エージェントループは完全に耐久性があります。ループを数回繰り返した後にエージェントワーカーがクラッシュした場合、Temporal は、すでに実行された LLM 呼び出しやツール呼び出しを再呼び出しする必要なく、中断した場所から正確に再開します。

ワーカーの起動

最後に、すべてを配線します。コードは、単一のプロセスで実行されているように見える方法で必要なビジネスロジックを実装しますが、Temporal を使用すると、ワークフローとアクティビティ間の通信が Temporal によって提供されるメッセージングを介して行われるイベントドリブンシステム（具体的にはイベントソース）になります。

Temporal ワーカーは Temporal サービスに接続し、ワークフローとアクティビティタスクのスケジューラとして機能します。ワーカーはワークフローと両方のアクティビティを登録し、タスクのリスニングを開始します。

import asyncio
from concurrent.futures import ThreadPoolExecutor

from dotenv import load_dotenv
from temporalio.client import Client
from temporalio.contrib.pydantic import pydantic_data_converter
from temporalio.envconfig import ClientConfig
from temporalio.worker import Worker

async def main():
    config = ClientConfig.load_client_connect_config()
    config.setdefault("target_host", "localhost:7233")
    client = await Client.connect(
        **config,
        data_converter=pydantic_data_converter,
    )

    worker = Worker(
        client,
        task_queue="gemini-agent-python-task-queue",
        workflows=[
            AgentWorkflow,
        ],
        activities=[
            generate_content,
            dynamic_tool_activity,
        ],
        activity_executor=ThreadPoolExecutor(max_workers=10),
    )
    await worker.run()


if __name__ == "__main__":
    load_dotenv()
    asyncio.run(main())

クライアントスクリプト

クライアントスクリプト（start_workflow.py）を作成します。クエリを送信し、結果を待ちます。エージェントワーカーで参照されているのと同じタスクキューに接続されていることに注意してください。start_workflow スクリプトは、ユーザープロンプトを含むワークフロータスクをそのタスクキューにディスパッチし、エージェントの実行を開始します。

import asyncio
import sys
import uuid

from temporalio.client import Client
from temporalio.contrib.pydantic import pydantic_data_converter


async def main():
    client = await Client.connect(
        "localhost:7233",
        data_converter=pydantic_data_converter,
    )

    query = sys.argv[1] if len(sys.argv) > 1 else "Tell me about recursion"

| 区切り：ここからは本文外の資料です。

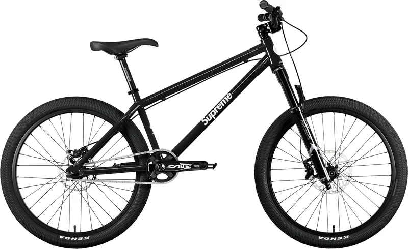 Brooklyn Machine Works 24” steel hardtail Park Bike V4 with custom Supreme components. Shimano Brakes, Shimano Saint Cranks and Marzocchi Dirt Jumper Fork. DMR Pedals included.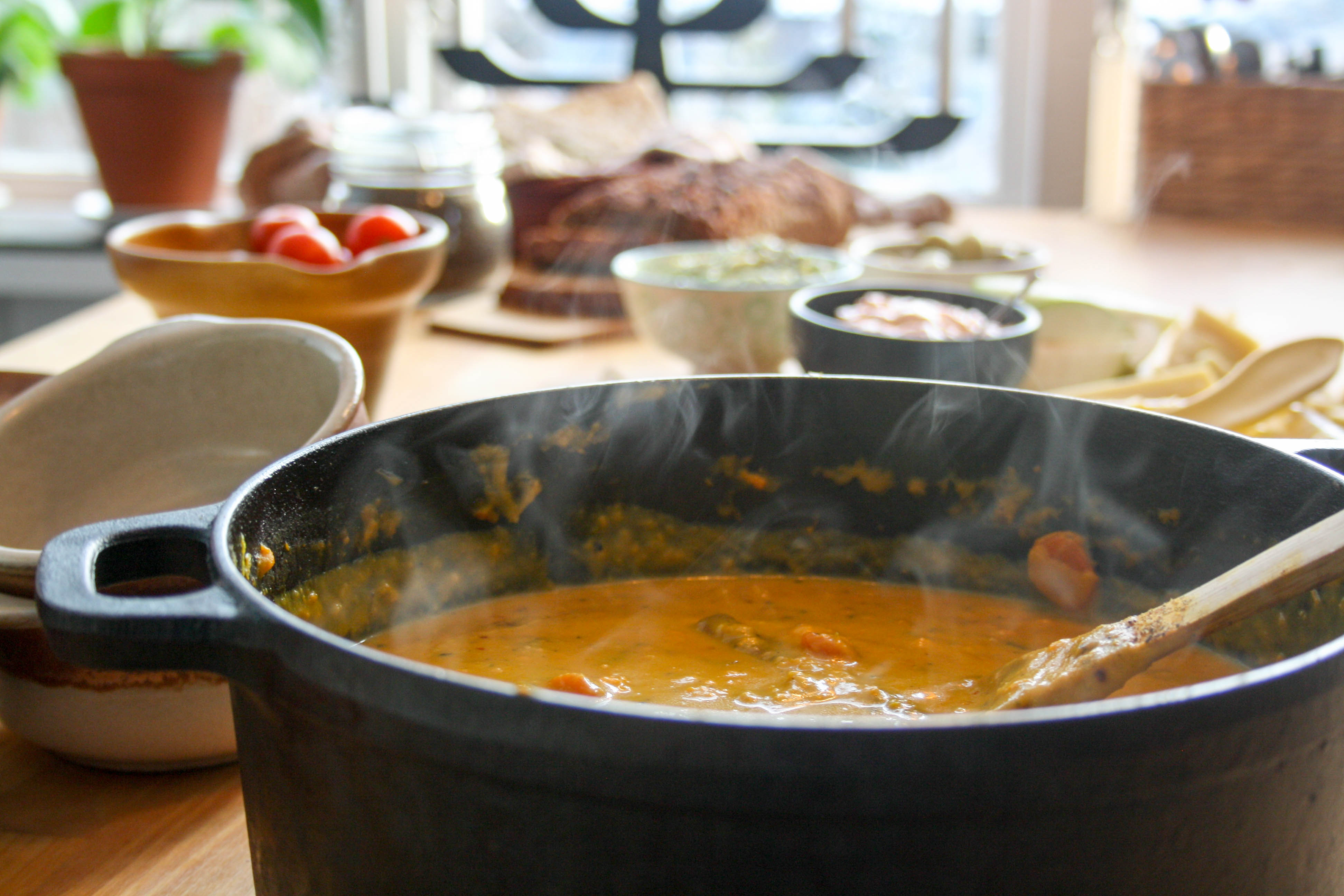 Ha sen i resterande ingredienser och låt allt puttra under lock i 30 minuter. Tillsätt mer vätska om den känns för tjock och låt puttra utan lock om den känns för tunn.

    result = await client.execute_workflow(
        "AgentWorkflow",
        query,
        id=f"gemini-agent-id-{uuid.uuid4()}",
        task_queue="gemini-agent-python-task-queue",
    )
    print(f"\nResult:\n{result}")


if __name__ == "__main__":
    asyncio.run(main())

エージェントを実行する

まだ行っていない場合は、Temporal 開発用サーバーを起動します。

temporal server start-dev

新しいターミナルウィンドウで、エージェントワーカーを起動します。

python -m durable_agent_worker

3 つ目のターミナルウィンドウで、エージェントにクエリを送信します。

python -m start_workflow "are there any weather alerts for where I am?"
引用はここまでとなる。